Every extracted field carries a confidence score and a provenance pointer back to the exact region of the source document it was derived from. Low-confidence extractions are automatically flagged for human review. The full trace is stored for compliance — every extraction is explainable and auditable end to end.

The Outcomes

Results that proved the approach

60%+

Cost reduction in AI processing vs. all-LLM baseline

15+

Document types handled by a single unified pipeline

95%+

Extraction accuracy across all document categories

The classification-first approach was the key insight — rather than trying to build a single model that handled every document type equally, the pipeline treats classification as a first-class routing decision. LLMs are expensive and powerful; using them on a standard cheque or a templated salary slip is wasteful. By reserving LLM capacity for genuinely complex, unstructured documents, the bank achieved better accuracy at dramatically lower cost — while the audit trail gave compliance teams confidence the entire process is traceable and defensible.

Business Impact

What changed for the organisation

4x Throughput, Same Headcount

Document processing throughput increased fourfold with no additional operational headcount.

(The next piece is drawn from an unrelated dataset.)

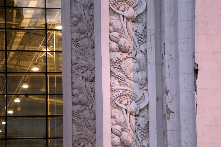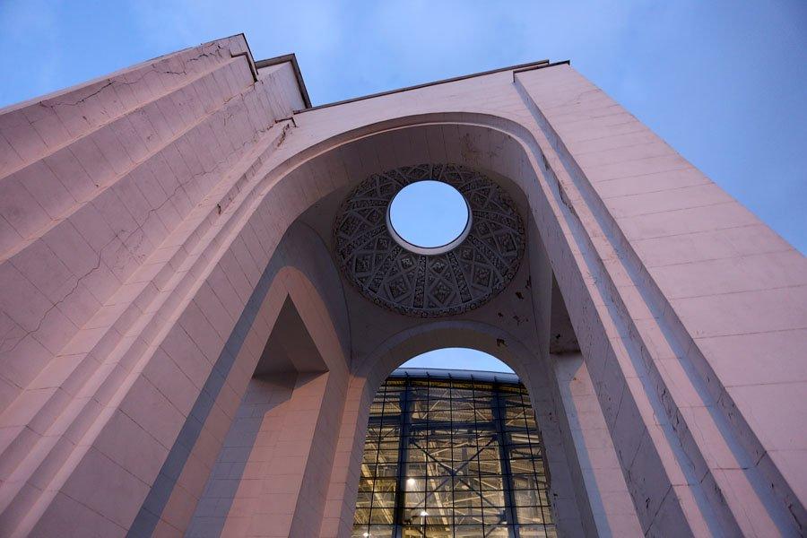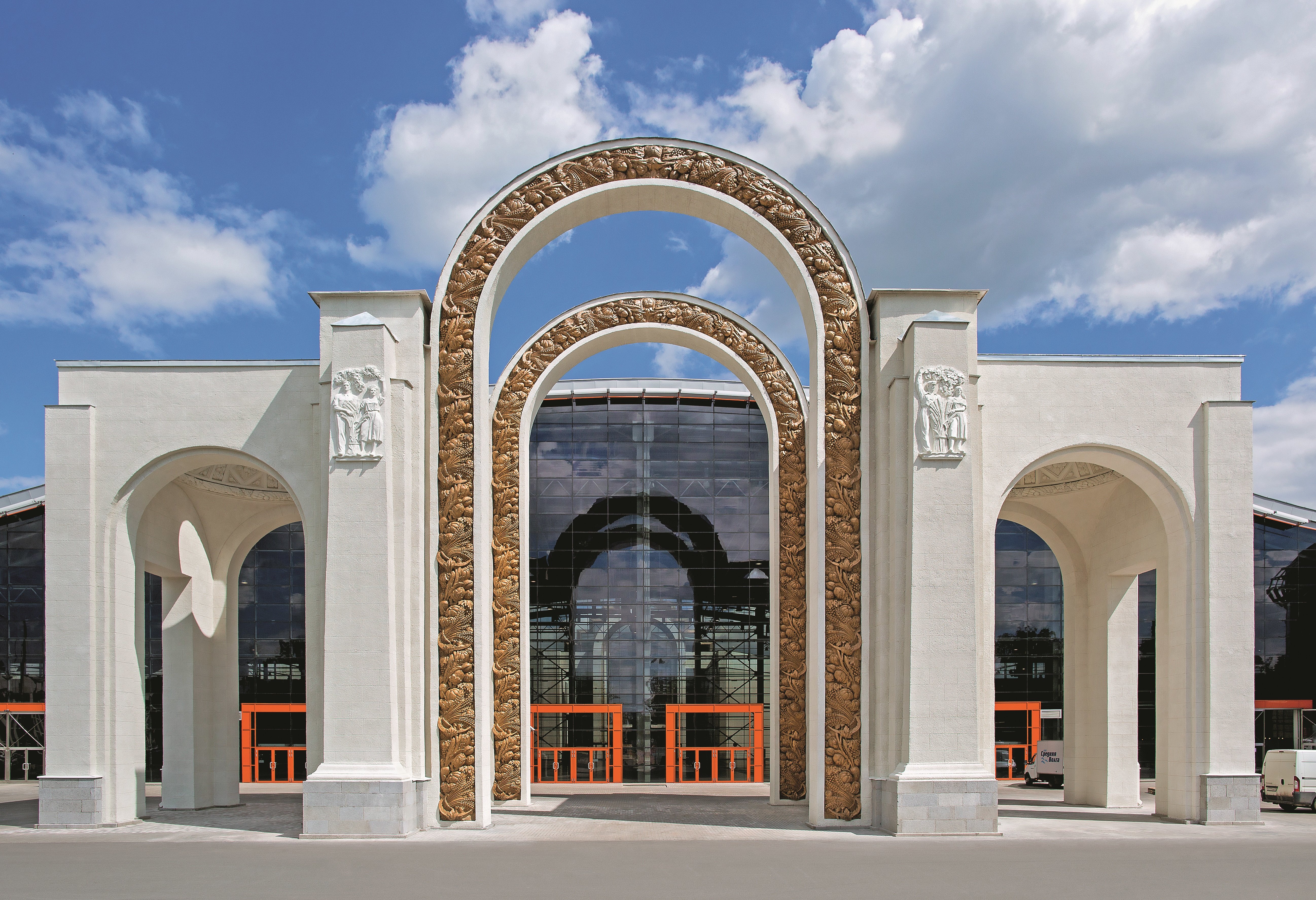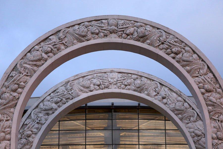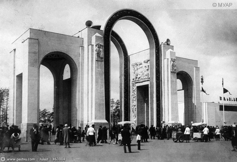 Легкая трехпролетная арка отражает масштаб ВСХВ 1939 года, ее архитектура будто сохраняет «воспоминание» о геометричности простых форм конструктивизма, являясь одновременно монументальным и простым для восприятия сооружением. До нашего времени не сохранились барельефы, украшавшие пилоны с внешней стороны, а также внутренние стенки арки. Также не сохранились фланкировавшие арку здания касс, разобранные в 1970-е годы. Но сама она – единственное на сегодня сооружение 1939 года, дошедшее до нас без поздних переделок.
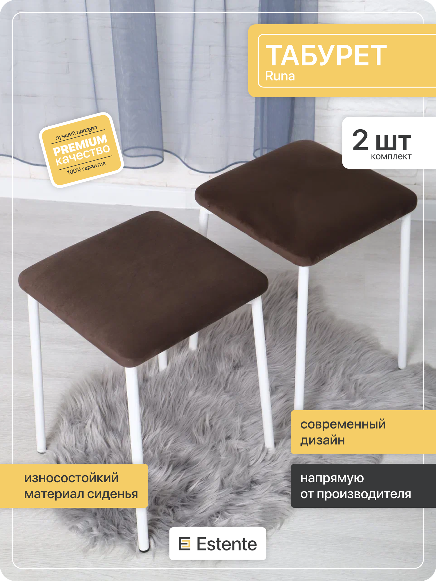 Купить Табурет с мягки сиденьем, ESTEnte, Runa, белый, Кофе, 2 штуки, 35х35х45

The pipeline handles the full classification-to-extraction workflow automatically, with human reviewers only pulled in for genuinely ambiguous cases flagged by confidence scoring.

Regulatory Audit Readiness

Every extraction is now traceable and explainable — confidence scores, provenance pointers, and a full processing trace are stored for every document. Audit requests that previously required manual reconstruction can now be answered instantly from the pipeline's own logs.

Faster Customer Onboarding

KYC and loan document processing became a bottleneck for onboarding cycle times. With the accelerated pipeline, document-related delays in the onboarding journey were substantially reduced — a direct improvement to customer experience and revenue velocity.

LLM Spend Under Control

Large models are now used only where they genuinely add value — complex unstructured documents where layout, context, and reasoning matter. Structured and semi-structured documents are handled by cheaper, faster, purpose-built models. The bank has a principled, cost-efficient AI stack rather than a single expensive default.